Analytic Transformation,"
which former National Intelligence Director Mike McConnell emphasized
as a top priority during his tenure. Recently, Adm. Dennis Blair (ret),
the current DNI, appointed former FBI public affairs director John
Miller as head of the office's analytic transformation efforts.
"Since
major new systems are not in procurement the legacy systems are not
being turned off," said Bob Gourley, a former chief technology officer
at the Defense Intelligence Agency. "That puts the new, innovative,
small, agile programs like uGov [and] intellipedia]... at greater
risk. In fact, in some cases we are seeing IT departments cancel
everything associated with innovation-- which would be a sign of a
dying organization in the private sector."
A spokesperson said that Blair fully supports analytic transformation.
Current
intelligence community analysts, and former senior officials say that
uGov has proved essential for their jobs. They use their uGov user name
and password to edit the
Intellipedia,
a Wikipedia-like repository created for collaborative analysis that
transcends the biases of individual agencies. Recently, a twitter-like
service called "Chirp" premiered on the uGOV platform. Users can access
the unclassified version of Intellipedia from any computer.
ODNI
frequently stands up temporary analytical groups that take in analysts
from agencies like the Central Intelligence Agency (CIA), the DIA and
the National Security Agency (NSA); the uGov domain made it easy to
give all of them a common platform.
John Hale, the former
chief of solutions delivery at ODNI, tweeted on Saturday: "Question
has to be asked, if DNI can shut down the ugov.gov service with no
alternative, what is the future of Intellipedia?"
Lewis
Shepherd, a former senior Defense Intelligence Agency official who now
works in the private sector, tweeted his agreement. "Decision to kill
the uGOV network: [Did] we negotiate a reciprocal takedown by
adversaries? Course not: unilateral disarament."
An
current analyst at a three-letter intelligence agency said his
colleagues were "shocked and confused" by the uGov announcement.
The
implication, here, is that DNI, which manages the analytical product
for consumers of intelligence like the president and policy makers, may
have soured on these initial, inexpensive collaborative, open-source,
efforts and instead deferred to long-time -- and discredited --
intelligence community practice of trying to speak with one voice, and
to limit information sharing and gathering under the pretext of
operational security. This "need to know" mentality is said to limit
the damage that individual ne'erdowells can do; a "need to share"

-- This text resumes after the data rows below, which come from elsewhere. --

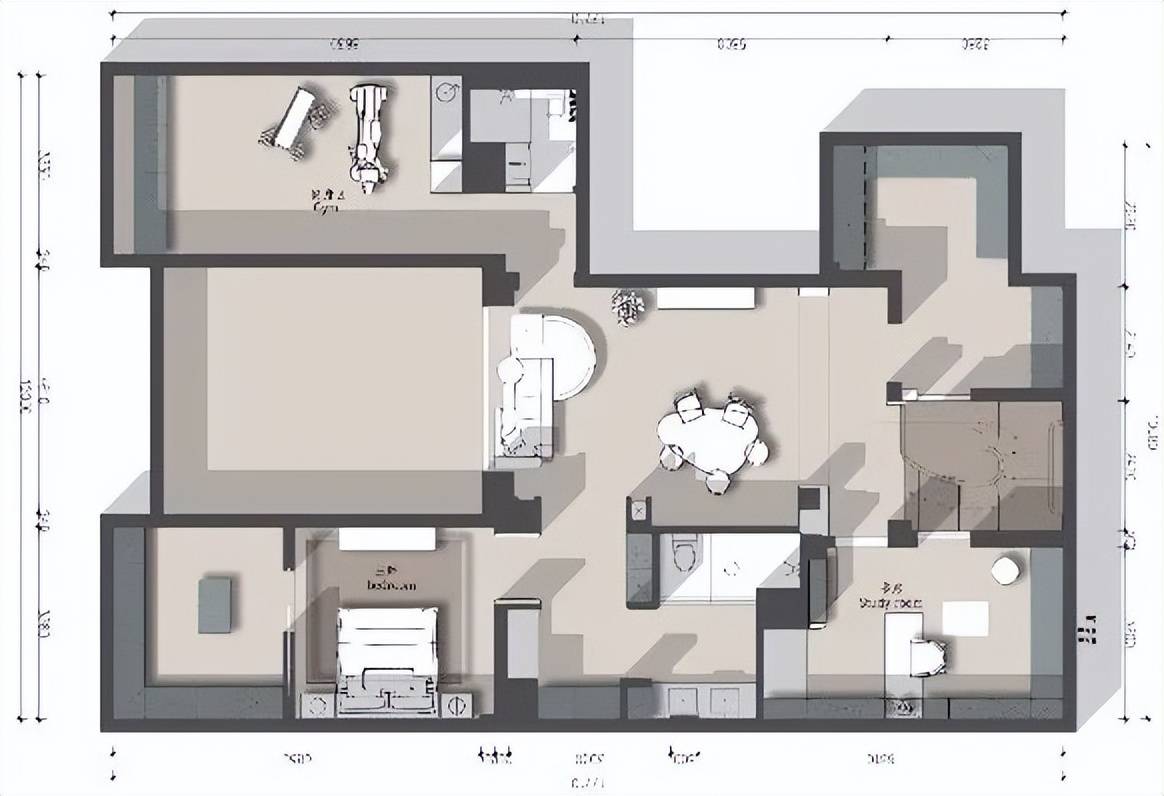 ④考虑书籍摆放的需求以及家里电视并不常看的情况,选择了移动式电视;整个家居配色以奶白色加深灰色再选择木色贯穿其中,全屋造型木地板通铺;
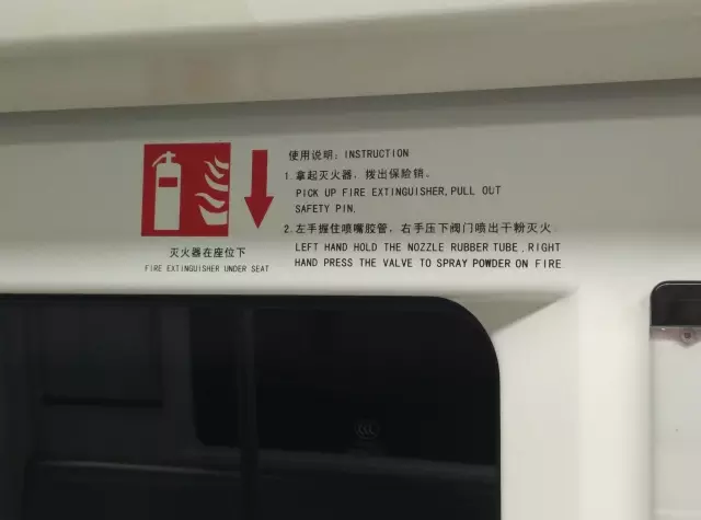 地鐵列車的滅火器布置于客室座椅下方,在其對應的上方設有相應的標志。滅火器每個客室有2個,其中在列車出現(xiàn)火情的情況下,乘客可自行取出滅火器,按要求對準起火點進行滅火。
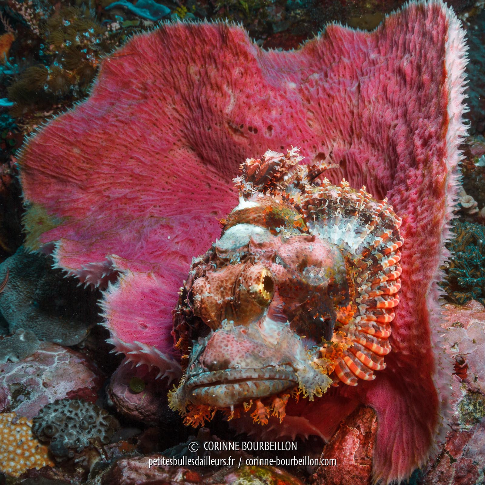 The drama unfolds in 15 meters of water, after 30 minutes of a quiet dive, on a site protected from the current. I am in front of an imposing pink barrel-sponge on which is perched a white leaf-fish, very photogenic, that Dena, Alor Divers' Dutch instructor who is accompanying our group, has just shown me...

culture, by contrast, may enhance the analytic product but might also
heighten the risk of security violations.
More sensitively, UGov was also a testbed for collaboration platforms that could one day be migrated to the
JWICS network,
which the intelligence community and Department of Defense use to share
information at the TOP SECRET/SCI level. In 2008, the DNI rolled out a
platform for users with TOP SECRET/SCI clearance called "
A-Space,"
and described it publicly as an intelligence community version of
Facebook or Myspace. By most accounts, A-Space is a success.
A DNI spokesperson said that uGov would be replaced, and that the migration plan will
include a process for moving emails and data to the replacement system.
The
DoDiis work station is especially popular at the Defense Intelligence
Agency, and about 20,000 terminals across the intelligence community
use the software. The Bridge program was developed by the intelligence
community's in-house research shop as a respond to a request from the
DNI in 2008.
According to its website,
Bridge " ... provides a mechanism for companies with interesting
technologies to evaluate their technologies in the context of
intelligence community mission challenges and for an ability to work in
the intelligence community enterprise" as well as a platform for secure
public-private collaboration on intelligence matters.
"Big
enterprises can be good at change and the [intelligence community] has
dramatically adjusted over the last decade. But big enterprises
sometimes don't see the right path and it can take exogenous input to
bring about the positive change," Gourley said.